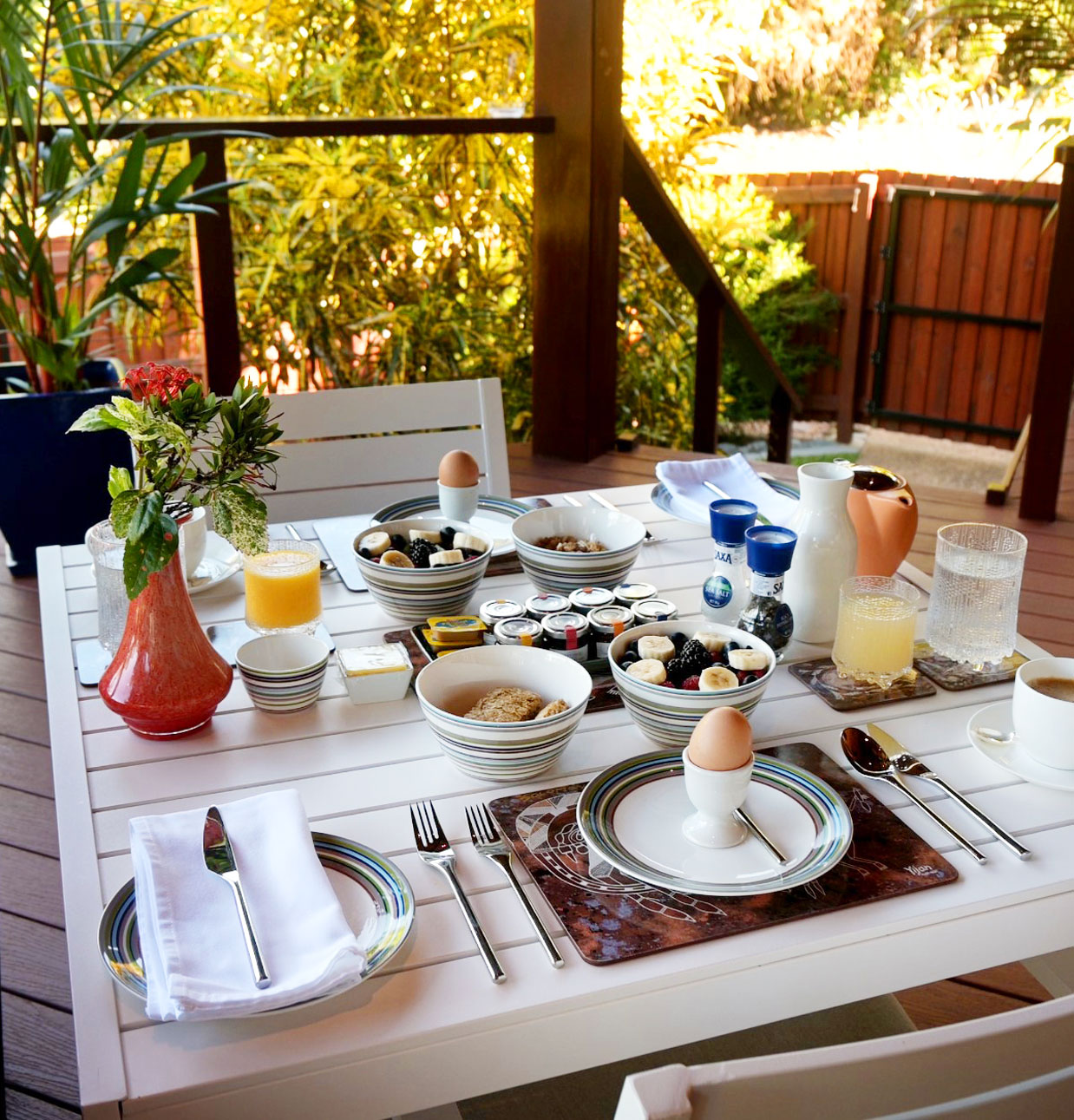 Enjoy a quality, gourmet breakfast served fresh on your private balcony each morning of your stay.
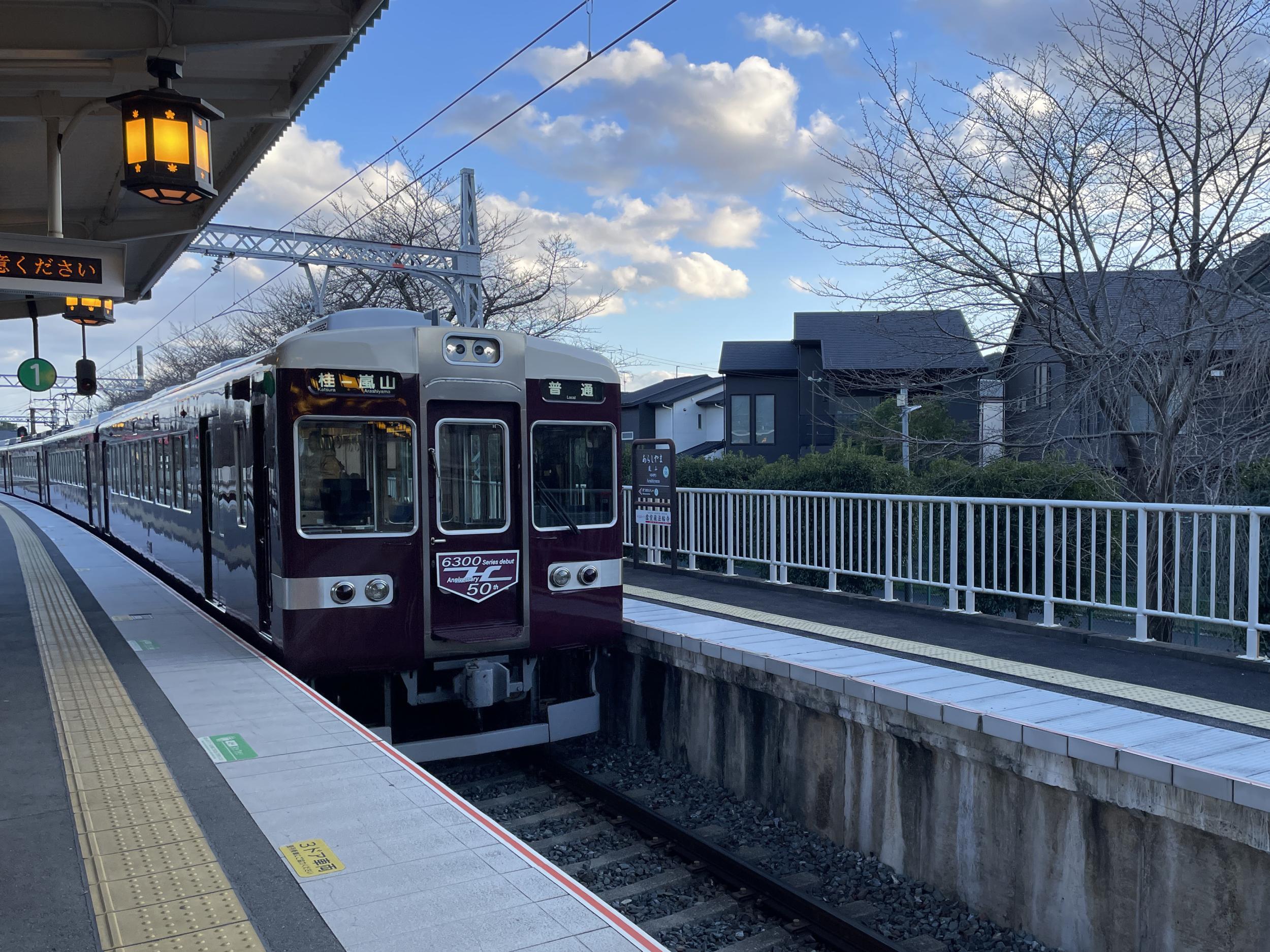 宝塚線星のカービィと並走し、十三には9000系神戸線特急と3本同時に到着。
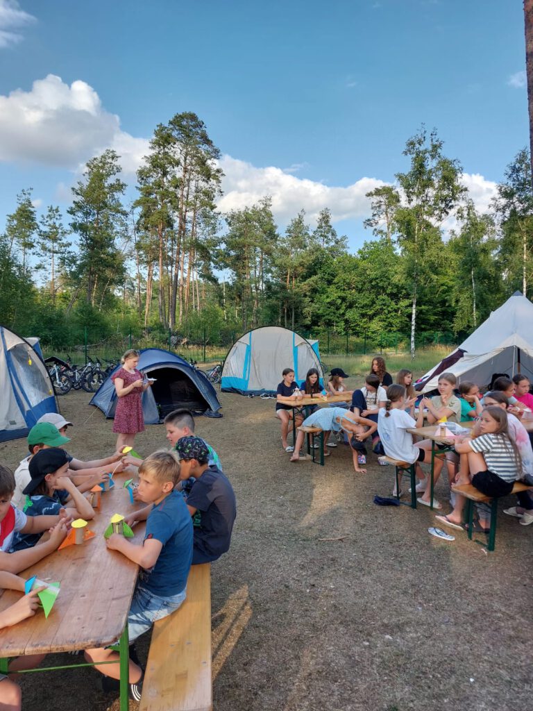 Da das Wetter an diesem Tag auf unserer Seite war, konnten sich die Kinder anschließend im Wasser abkühlen. Eine ausgelassene Wasserschlacht durfte dabei natürlich nicht fehlen! Nach dem Duschen und einem gemeinsamen Abendessen ging es gut gelaunt in die zweite Nacht, diesmal zum Glück ohne nasse Zelte.
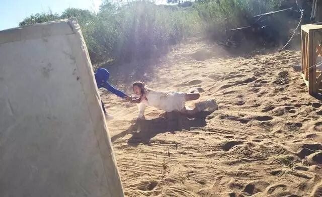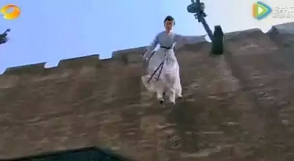 拍起戏来更是动真格,跳城楼、摔悬崖、滚沙子都坚持自己来。

YOUR GOAL » Write out exactly, with no pictures, each line from the one containing "Da das Wetter" through the last line of the listing above, both included.

TASK RESULT »
 Da das Wetter an diesem Tag auf unserer Seite war, konnten sich die Kinder anschließend im Wasser abkühlen. Eine ausgelassene Wasserschlacht durfte dabei natürlich nicht fehlen! Nach dem Duschen und einem gemeinsamen Abendessen ging es gut gelaunt in die zweite Nacht, diesmal zum Glück ohne nasse Zelte.
 拍起戏来更是动真格,跳城楼、摔悬崖、滚沙子都坚持自己来。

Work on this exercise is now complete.